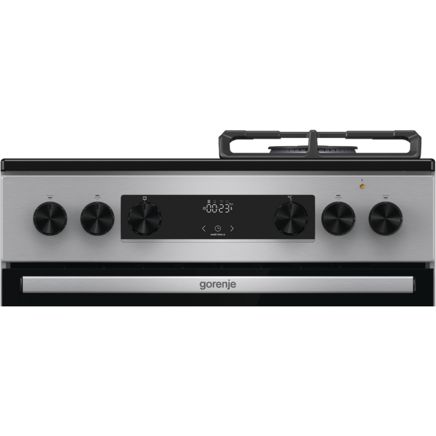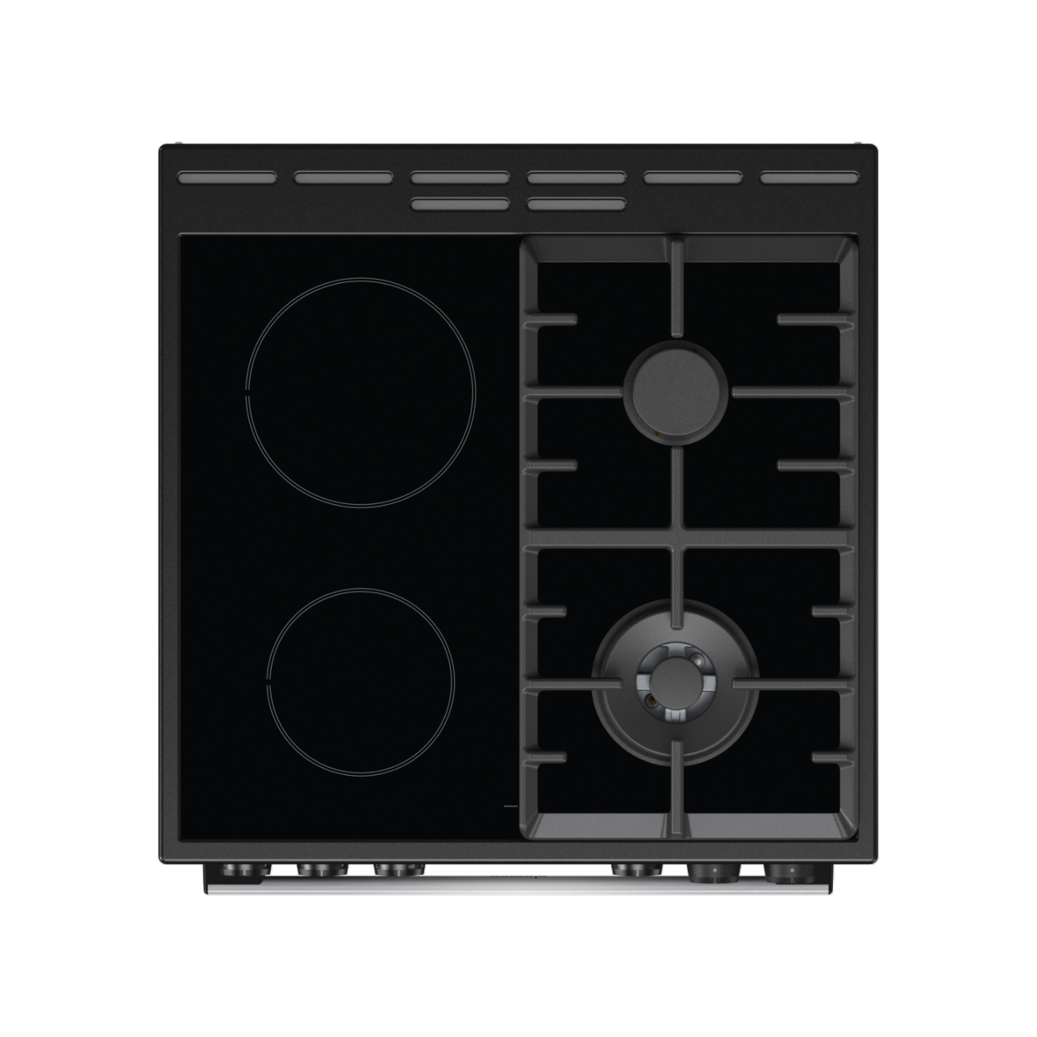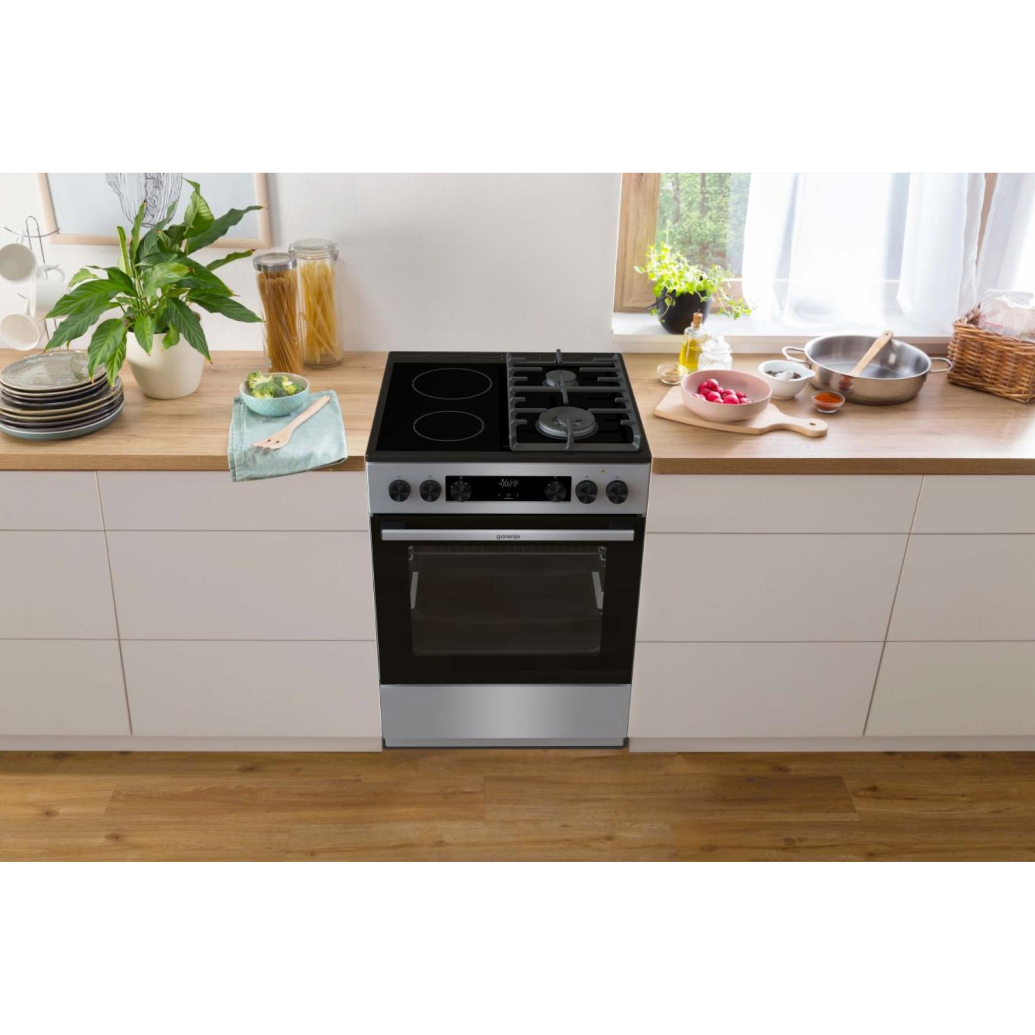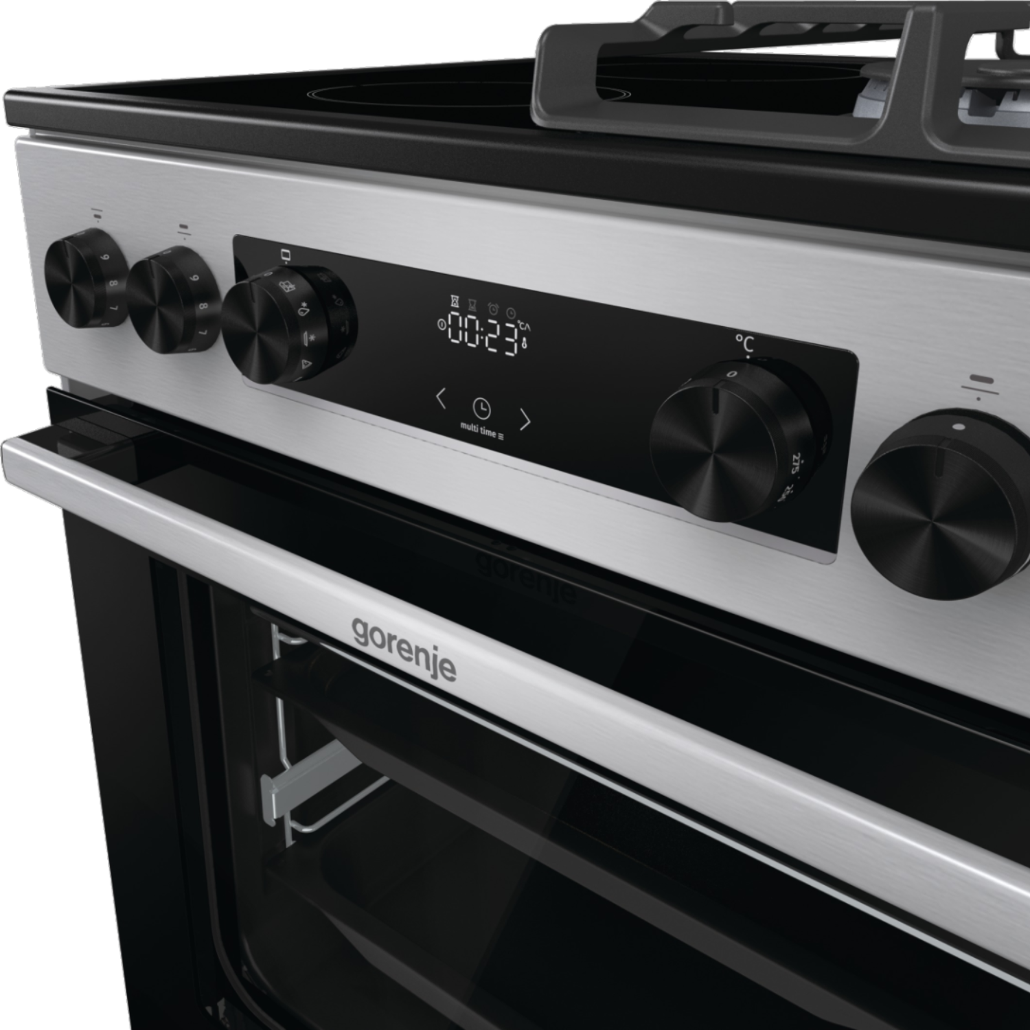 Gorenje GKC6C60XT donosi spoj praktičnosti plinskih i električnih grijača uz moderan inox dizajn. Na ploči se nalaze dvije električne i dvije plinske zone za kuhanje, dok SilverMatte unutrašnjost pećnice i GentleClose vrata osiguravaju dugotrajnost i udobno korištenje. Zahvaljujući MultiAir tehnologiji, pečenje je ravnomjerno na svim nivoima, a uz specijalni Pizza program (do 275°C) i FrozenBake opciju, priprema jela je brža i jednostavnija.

...

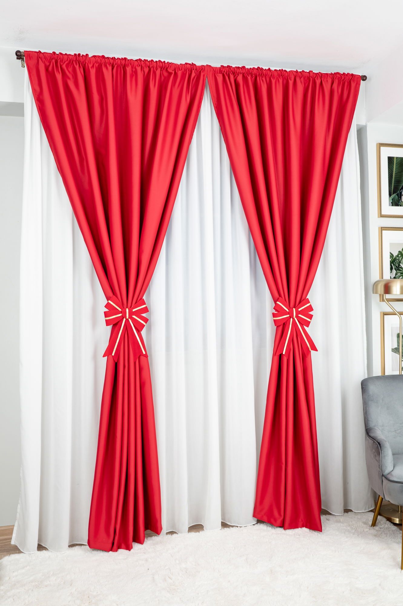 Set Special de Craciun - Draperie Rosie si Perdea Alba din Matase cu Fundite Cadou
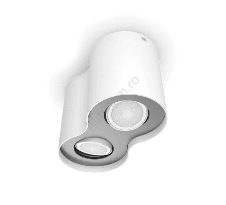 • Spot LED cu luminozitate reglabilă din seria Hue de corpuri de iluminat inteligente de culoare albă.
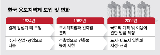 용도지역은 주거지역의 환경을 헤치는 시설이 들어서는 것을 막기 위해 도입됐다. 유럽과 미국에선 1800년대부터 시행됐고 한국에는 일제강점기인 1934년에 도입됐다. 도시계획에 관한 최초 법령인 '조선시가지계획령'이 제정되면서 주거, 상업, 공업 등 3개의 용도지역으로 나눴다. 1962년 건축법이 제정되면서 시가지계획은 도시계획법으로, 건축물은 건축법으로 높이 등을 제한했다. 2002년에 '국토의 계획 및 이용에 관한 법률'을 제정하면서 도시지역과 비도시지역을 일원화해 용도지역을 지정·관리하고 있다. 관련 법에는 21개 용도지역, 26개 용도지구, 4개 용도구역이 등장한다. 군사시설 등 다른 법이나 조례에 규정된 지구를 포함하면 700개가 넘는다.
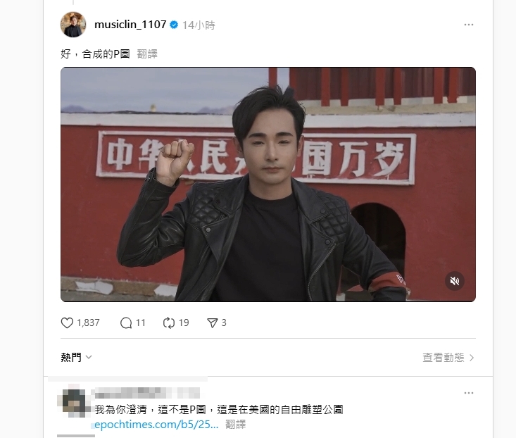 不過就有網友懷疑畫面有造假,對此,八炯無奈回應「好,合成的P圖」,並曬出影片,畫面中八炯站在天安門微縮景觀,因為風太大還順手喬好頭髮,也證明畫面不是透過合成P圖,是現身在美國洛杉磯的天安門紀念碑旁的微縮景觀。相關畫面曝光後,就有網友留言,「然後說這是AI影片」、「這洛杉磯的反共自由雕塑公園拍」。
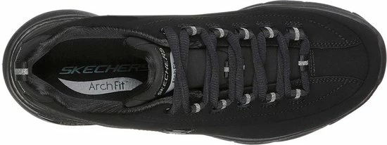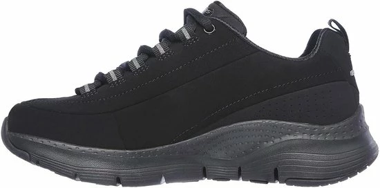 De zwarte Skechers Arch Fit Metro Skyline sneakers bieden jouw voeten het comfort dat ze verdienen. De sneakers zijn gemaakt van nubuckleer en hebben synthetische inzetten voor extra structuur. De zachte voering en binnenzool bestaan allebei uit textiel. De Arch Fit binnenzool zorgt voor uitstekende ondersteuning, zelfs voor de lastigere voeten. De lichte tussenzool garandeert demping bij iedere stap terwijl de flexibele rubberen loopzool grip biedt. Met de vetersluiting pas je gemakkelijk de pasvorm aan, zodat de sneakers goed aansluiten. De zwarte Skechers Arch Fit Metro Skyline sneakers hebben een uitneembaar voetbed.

**Your instructions:**
From the data above, return only the lines starting at the line that holds "不過就有網友懷疑畫面有造假,對此,八炯無" and ending at the line that holds "De zwarte Skechers Arch Fit Metro Skyline sneakers bieden", word for word and without pictures.

**Worked solution:**
 不過就有網友懷疑畫面有造假,對此,八炯無奈回應「好,合成的P圖」,並曬出影片,畫面中八炯站在天安門微縮景觀,因為風太大還順手喬好頭髮,也證明畫面不是透過合成P圖,是現身在美國洛杉磯的天安門紀念碑旁的微縮景觀。相關畫面曝光後,就有網友留言,「然後說這是AI影片」、「這洛杉磯的反共自由雕塑公園拍」。
 De zwarte Skechers Arch Fit Metro Skyline sneakers bieden jouw voeten het comfort dat ze verdienen. De sneakers zijn gemaakt van nubuckleer en hebben synthetische inzetten voor extra structuur. De zachte voering en binnenzool bestaan allebei uit textiel. De Arch Fit binnenzool zorgt voor uitstekende ondersteuning, zelfs voor de lastigere voeten. De lichte tussenzool garandeert demping bij iedere stap terwijl de flexibele rubberen loopzool grip biedt. Met de vetersluiting pas je gemakkelijk de pasvorm aan, zodat de sneakers goed aansluiten. De zwarte Skechers Arch Fit Metro Skyline sneakers hebben een uitneembaar voetbed.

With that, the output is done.